HOA's in trouble?

User Forum Topic
Submitted by Chance the Gardener on January 10, 2007 - 11:30pm

What happens to an HOA when a significant number of units in a building go into default? When I am looking at units in these "upside down" buildings, should I be concerned about the health of the HOA? If the HOA is cash poor b/c 10% the units are not paying monthly dues as they slip into foreclosure, won't the costs be spread to the other units?

Submitted by anxvariety on January 10, 2007 - 11:55pm.

Maybe the HOA's landscapes buddies just get a little less slush.. How do HOA's determine who to contract things(jacuzzi repair, landscape, fencing) out to?

Submitted by RottedOak on January 11, 2007 - 6:08am.

The board of the HOA would either make the contracting decisions directly or turn them over to a professional management company. Any financial shortfalls caused by defaults on HOA dues could only be passed on to other owners if the dues were changed or a special assessment passed. That would typically require a vote of the association to approve. So it would depend on the attitudes of the owners in that building. They might prefer pay more to keep all their amenities, or they might prefer to cut back to avoid an increase.

Submitted by tugg49 on January 11, 2007 - 8:38am.

May not spread but if there's a major maintenance issue the "special assessments" can be painful. Our HOA "team" put off doing the roof and a rainstorm flooded a large unit via the drywall ceiling and it cost us a fortune for the deferred roof and repairs to the unit. We were in a small 8-plex and it hurt. Get the financial staement from the HOA and see how "liquid" you are.

Submitted by Carmin Gaedelica on January 11, 2007 - 8:39am.

Last time I was part of a condo association, the defaulted dues were treated as a lien against the property which has to be resolved in the sale.

Our assoc took a pretty hard stand and sicced the collection agencies pretty quickly on deadbeat owners.

Submitted by Chance the Gardener on January 11, 2007 - 9:16am.

CG - I think time have changed. Most homes are upside down, many with a second or third mortgage and with tax liens. I can't imagine that HOA's have much success getting their's.

Submitted by Cow_tipping on January 11, 2007 - 9:28am.

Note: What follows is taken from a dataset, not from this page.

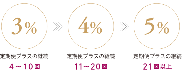4回以上定期便プラスを継続されたお客様には、特別なご優待として、購入ごとにお支払い金額の3%~ 5%のポイントが毎回つきます。ポイントは継続するほど還元率が上がり、最大5%を還元。毎回、お支払金額に対してポイントが加算され、1ポイント=1円としてお支払にご利用いただけます。

Screw the damn HOA. I am the freaking president of mine, and we are approaching 50% default. We have to raise the dues just so the defaulters get a free ride while the rest of us pay more and more and more ...
I'd never buy anything that has any community amenities. Imagine if our dues were 5 times the measly 90 a quarter they are now. I know of communities where that is the case and it sucks. Ours is going down in flames. We have a play ground and a sign and a common area. All of which need to be maintained ... yuck.
People need to stop letting builders put houses in HOA's cos sometimes thay can save by not buying lights and what not, but the people living there pay for it forever.
Cool.
Cow_tipping.

Submitted by 4runner on January 11, 2007 - 9:41am.

50% default rate on $360 a year??? That is un-f'in-believeable. Start liening with a vengeance.

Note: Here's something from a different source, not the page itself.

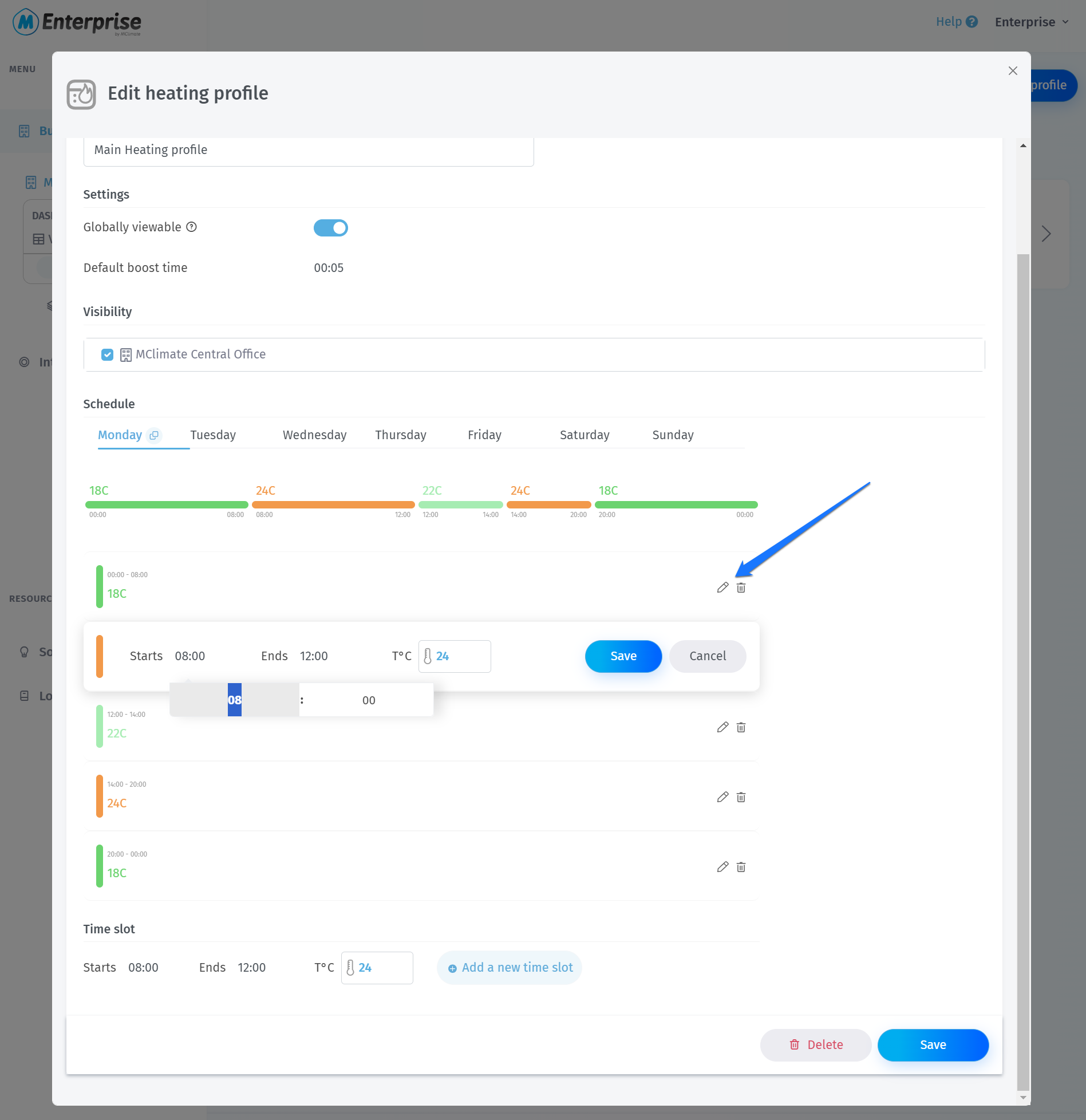 You are presented with a text box for the start and end time ranges in addition to the target temperature. Once you have entered your desired time range and temperature, click on the Add a new time slot button and you will create it. Do this for as many intervals as you require depending on your profile requirements.

If you feel comfortable posting it, what is the name of your HOA?

Submitted by masayako on January 11, 2007 - 10:10am.

Just to put things in perspective, if NODs jump SO HIGH to the point where HOA becomes a problem, well, my friend, HOA would be the last thing we worry about.

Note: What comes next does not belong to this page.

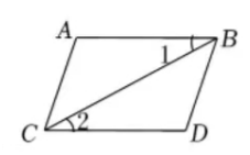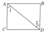 下列图形中, 由 $\angle 1=\angle 2$ 能得到 $A B / / C D$ 的是

Submitted by Chance the Gardener on January 11, 2007 - 10:15am.

I'm not sure what you mean. If I can afford to live in the building, and I'm going to live there long term, what affect will rampant NOD's have on me other than their impact on the HOA and the upkeep of the common areas? If I'm buying the condo to live in for life, all I care is that the condo remain livable and that my monthly costs don't skyrocket b/c others aren't pulling their weight. As long as someone is paying the HOA, I'd actually prefer that the building be empty!

Submitted by Cow_tipping on January 11, 2007 - 10:19am.

Asbury Place HOA, managed by Hawthorne management company. I'm in Charlotte NC.
We managed to get 50% defaults in under 4 years. That is the long standing tradition of alienation ... where they'd raise the dues one month and throw a block party next month.
They'd also break every rule in the book first because the boards were a$$holes and now cos they are clue less and have never read the book.
My goal is to have this freaking thing bankrupt by the end of the year. BTW our brilliant Manager forgot to send out fee notices to people ... running 2 weeks, damned if I remind her. There goes the next year ... or this year. I am hell bent on taking it to pieces and tossing it into the street.
Watch this space ... unlike president bush I am not clueless and I definetly am not going to be led by my nose by the rest of the corrupt idiots.
But all of this will do nothing for those of you who live in SD or elsewhere. Vote with your dollars ... dont buy anything that has a HOA, and heck dont buy anything that has a community pool or whatever crap. Pitiful, our rinky dink play set area is so messed up ... I dont even freaking know why developers put that sheite in there.
Cool.
Cow_tipping.

Submitted by no_such_reality on January 11, 2007 - 11:14am.

Get the financial staement from the HOA and see how "liquid" you are.

And look with a cynical eye. I lived in a townhome complex that was 35 duplex structures. Each two stories high and 1300-1500 sf per unit. Essentially 35 large homes.

The complex had $350,000 in roofing reserves and was at 20 years with original shaker roof.

Not only did the HOA blow through the $300K downgrading to an asphalt shingle, but because of unforeseen termite damage (well known in the community), a special assessment of $3500 was due. This is after all bidders got the chance to inspect 3 units.

So, think what a repair is going to cost you in an SFR, multiply by two, and add a factor for incompetence and graft.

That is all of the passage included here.